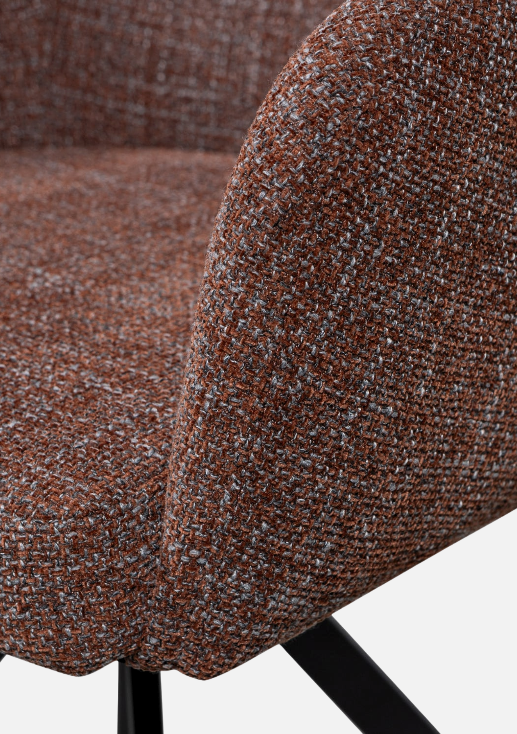 The Fenne Chairs embody quiet luxury and tactile comfort. Their warm chestnut woven fabric and sculpted silhouette bring a sense of calm sophistication to any setting. The smooth swivel base and embracing form invite long evenings and effortless conversation. Perfect for refined dining spaces, elegant restaurants, and stylish hotel interiors, they blend contemporary ease with timeless charm. Delivered as a set of two, the Fenne Chairs add depth, comfort, and understated beauty wherever they stand.
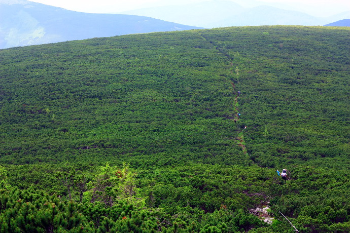 Но шаг влево, шаг вправо с этой тропинки невозможен. Повторяю по буквам: Н Е В О З М О Ж Е Н. Заросли кедрового стланика непроходимы. Если, конечно, хотите испытать незабываемые ощущения продирания по этим зарослям — милости прошу.
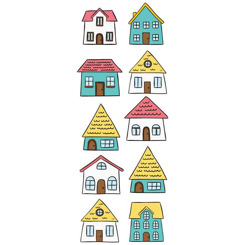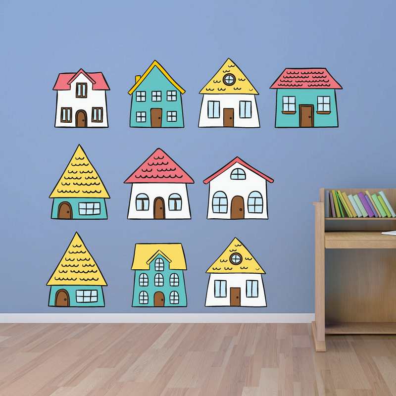 Αυτοκόλλητο για παιδικό δωμάτιο σπιτάκια σε διάφορα σχέδια και χρώματα.
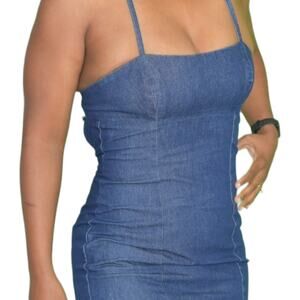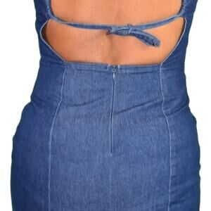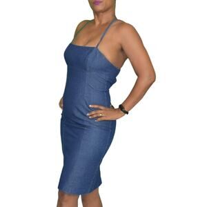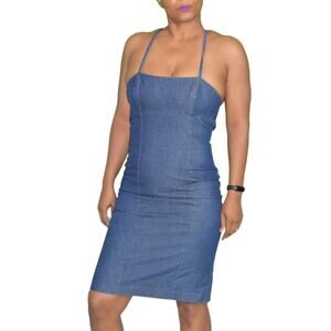 Vintage Guess Denim Dress Blue Jean Bodycon Pencil Halter Back Ties Size Small
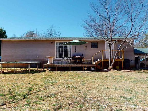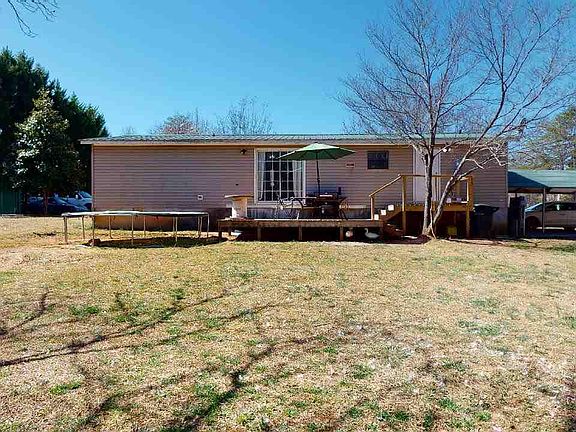 Level two and a half acres of land with creek in the rear! Home is bricked underpinned, ready for FHA, VA or Conventional financing. Open floor plan with split bedrooms. Master to the left features: large master bedroom room with walk in closet. Private master suite with soaker tub/shower combo. Secondary bedroom both have walk in closets. Full bath with tub/shower combo. Great-room is open to dining room, kitchen and breakfast area. Laundry room off kitchen. Deck on the rear of the home. Storage building will convey with sale. Home is in need of updates. Priced accordingly. Home is being sold "AS IS". Metal roof 2009.
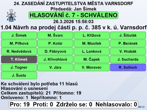 Zastupitelstvo města rozhodlo prodat část p. p. č. 385 – ostatní plocha, ostatní komunikace o výměře 100 m2 v k. ú. Varnsdorf (dle geometrického plánu č. 8058-1825/2025 část označena jako 385/2) panu M. J. a paní M. J., a to tak, že každému ½ za kupní cenu 30.000 Kč, splatnou do 15 dnů od podpisu kupní smlouvy. Náklady spojené s převodem nemovitosti uhradí kupující.
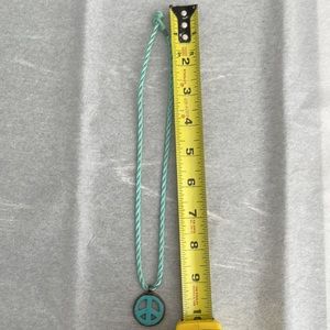 Turquoise peace sign necklace on rope chain. Fun hippie look
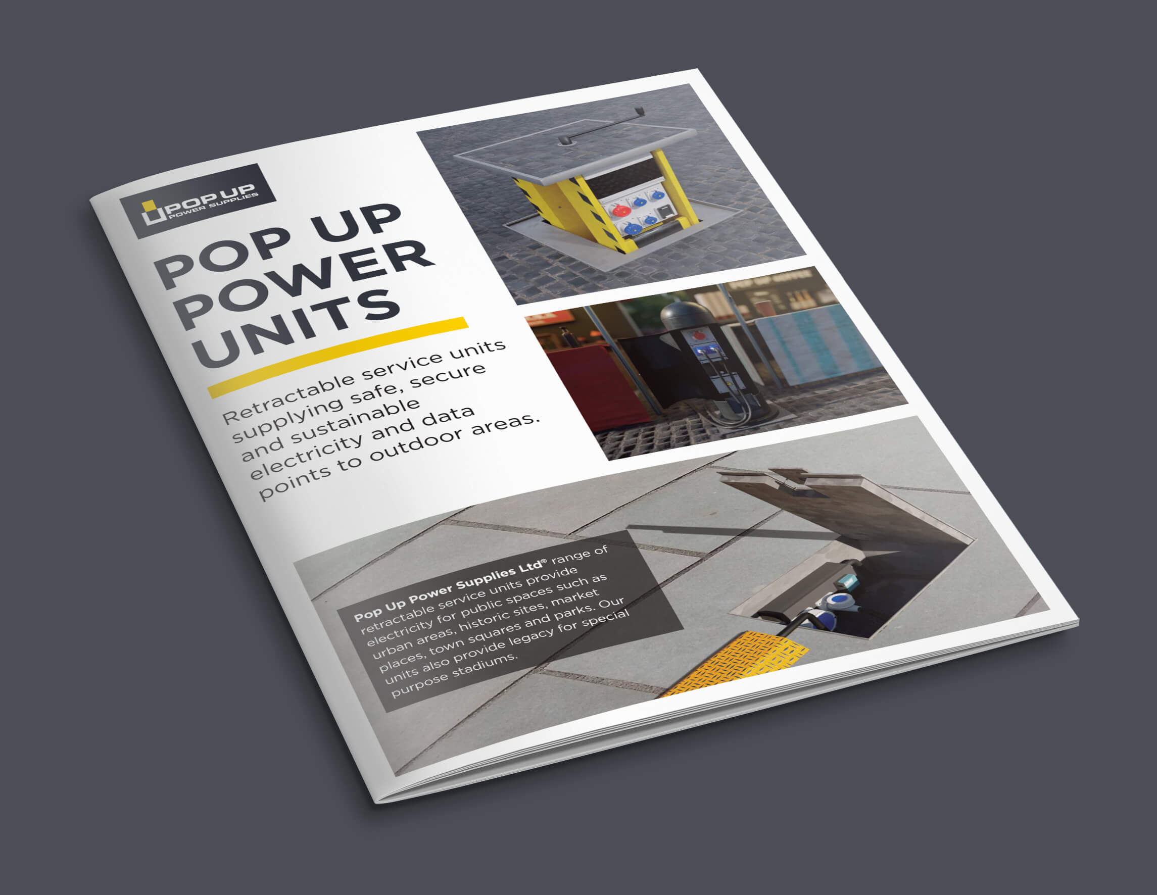 We were commissioned to rebrand and redesign the logo and website for Pop Up Power Supplies—a leading UK supplier of retractable power and data units, cleverly hidden in plain sight across the UK’s cities, sports stadiums, heritage locations, and leisure destinations. These discrete units literally ‘pop up’ from beneath the ground when needed, offering a simple yet highly effective solution.
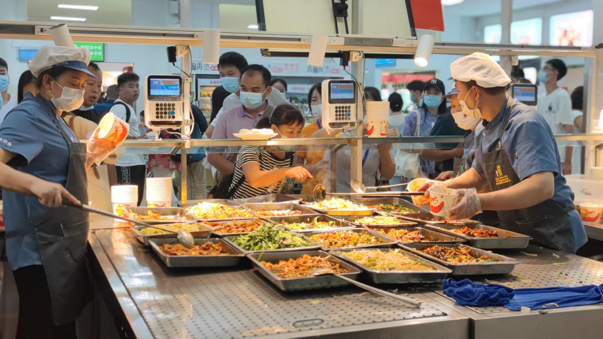 为保障迎新期间餐饮供应,中心提前储备大宗物资,员工摩拳擦掌,打起十二分精神,不顾汗水浸湿的衣衫、不顾劳累的身体,将最贴心的服务送予每一位师生及家长。9月2日,根据实际情况,中心调整学二食堂、学三食堂作为值班食堂,学二食堂供餐时间延至23:00,学三食堂夜市营业至9月3日凌晨1:00,全天候随时保障大家的餐饮供应。
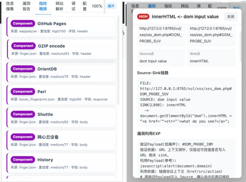 浏览器插件 | 指纹识别、DOM XSS 检测、漏洞报告生成、一键 PoC 复现、AI 误报研判
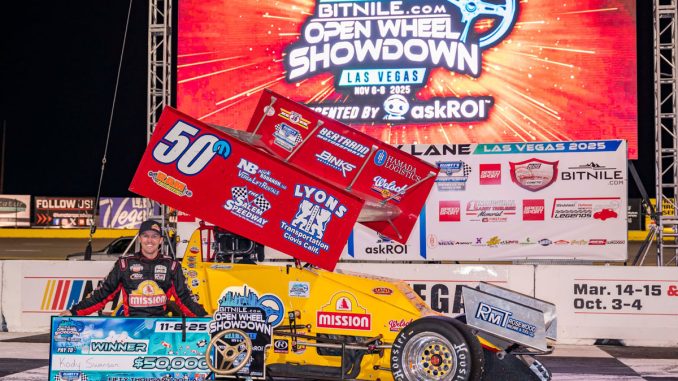 LAS VEGAS, NV (November 8, 2025) – Kody Swanson of Kingsburg, California used high side magic to take his second consecutive $50,000 jackpot, winning Saturday’s 100-lap feature at the BITNILE Open Wheel Showdown presented by askROI. The victory in the Elliott’s Custom Trailers & Carts Winged Sprint Cars came at the Bullring at Las Vegas Motor Speedway in the third annual event.
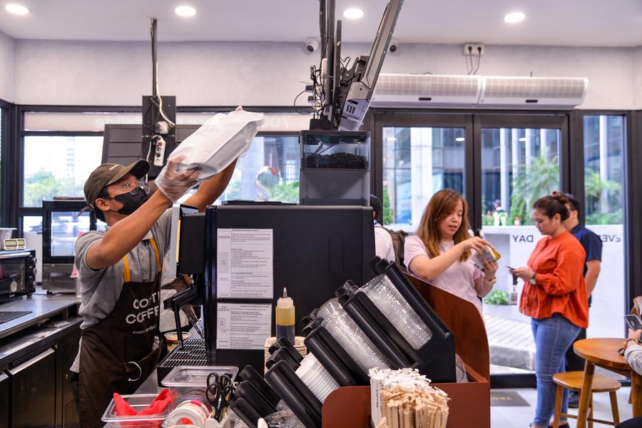 A staff member works at a Cotti Coffee store in Jakarta, Indonesia, Nov. 21, 2024. (Xinhua/Xu Qin)
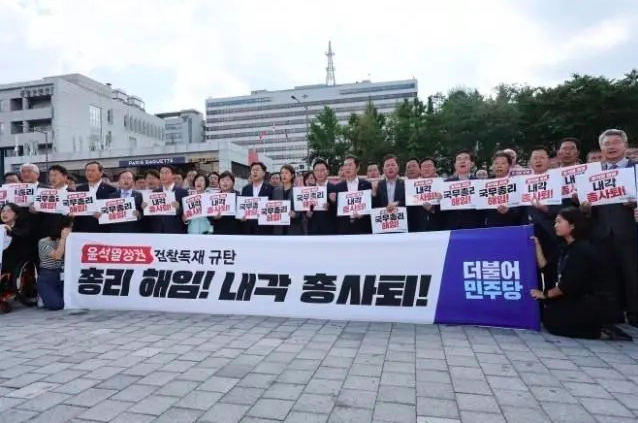 在检方提请逮捕李在明后,共同民主党也迅速回击,即时向国会提交了国务总理韩德洙的弹劾动议案。9月18日中午,多名共同民主党议员还前往总统府抗议检方对李在明进行“不正当调查”,呼吁内阁总辞。

===============

What the task asks: Return all the data above as written, leaving out only the pictures.

Answer below:
 The Fenne Chairs embody quiet luxury and tactile comfort. Their warm chestnut woven fabric and sculpted silhouette bring a sense of calm sophistication to any setting. The smooth swivel base and embracing form invite long evenings and effortless conversation. Perfect for refined dining spaces, elegant restaurants, and stylish hotel interiors, they blend contemporary ease with timeless charm. Delivered as a set of two, the Fenne Chairs add depth, comfort, and understated beauty wherever they stand.
 Но шаг влево, шаг вправо с этой тропинки невозможен. Повторяю по буквам: Н Е В О З М О Ж Е Н. Заросли кедрового стланика непроходимы. Если, конечно, хотите испытать незабываемые ощущения продирания по этим зарослям — милости прошу.
 Αυτοκόλλητο για παιδικό δωμάτιο σπιτάκια σε διάφορα σχέδια και χρώματα.
 Vintage Guess Denim Dress Blue Jean Bodycon Pencil Halter Back Ties Size Small
 Level two and a half acres of land with creek in the rear! Home is bricked underpinned, ready for FHA, VA or Conventional financing. Open floor plan with split bedrooms. Master to the left features: large master bedroom room with walk in closet. Private master suite with soaker tub/shower combo. Secondary bedroom both have walk in closets. Full bath with tub/shower combo. Great-room is open to dining room, kitchen and breakfast area. Laundry room off kitchen. Deck on the rear of the home. Storage building will convey with sale. Home is in need of updates. Priced accordingly. Home is being sold "AS IS". Metal roof 2009.
 Zastupitelstvo města rozhodlo prodat část p. p. č. 385 – ostatní plocha, ostatní komunikace o výměře 100 m2 v k. ú. Varnsdorf (dle geometrického plánu č. 8058-1825/2025 část označena jako 385/2) panu M. J. a paní M. J., a to tak, že každému ½ za kupní cenu 30.000 Kč, splatnou do 15 dnů od podpisu kupní smlouvy. Náklady spojené s převodem nemovitosti uhradí kupující.
 Turquoise peace sign necklace on rope chain. Fun hippie look
 We were commissioned to rebrand and redesign the logo and website for Pop Up Power Supplies—a leading UK supplier of retractable power and data units, cleverly hidden in plain sight across the UK’s cities, sports stadiums, heritage locations, and leisure destinations. These discrete units literally ‘pop up’ from beneath the ground when needed, offering a simple yet highly effective solution.
 为保障迎新期间餐饮供应,中心提前储备大宗物资,员工摩拳擦掌,打起十二分精神,不顾汗水浸湿的衣衫、不顾劳累的身体,将最贴心的服务送予每一位师生及家长。9月2日,根据实际情况,中心调整学二食堂、学三食堂作为值班食堂,学二食堂供餐时间延至23:00,学三食堂夜市营业至9月3日凌晨1:00,全天候随时保障大家的餐饮供应。
 浏览器插件 | 指纹识别、DOM XSS 检测、漏洞报告生成、一键 PoC 复现、AI 误报研判
 LAS VEGAS, NV (November 8, 2025) – Kody Swanson of Kingsburg, California used high side magic to take his second consecutive $50,000 jackpot, winning Saturday’s 100-lap feature at the BITNILE Open Wheel Showdown presented by askROI. The victory in the Elliott’s Custom Trailers & Carts Winged Sprint Cars came at the Bullring at Las Vegas Motor Speedway in the third annual event.
 A staff member works at a Cotti Coffee store in Jakarta, Indonesia, Nov. 21, 2024. (Xinhua/Xu Qin)
 在检方提请逮捕李在明后,共同民主党也迅速回击,即时向国会提交了国务总理韩德洙的弹劾动议案。9月18日中午,多名共同民主党议员还前往总统府抗议检方对李在明进行“不正当调查”,呼吁内阁总辞。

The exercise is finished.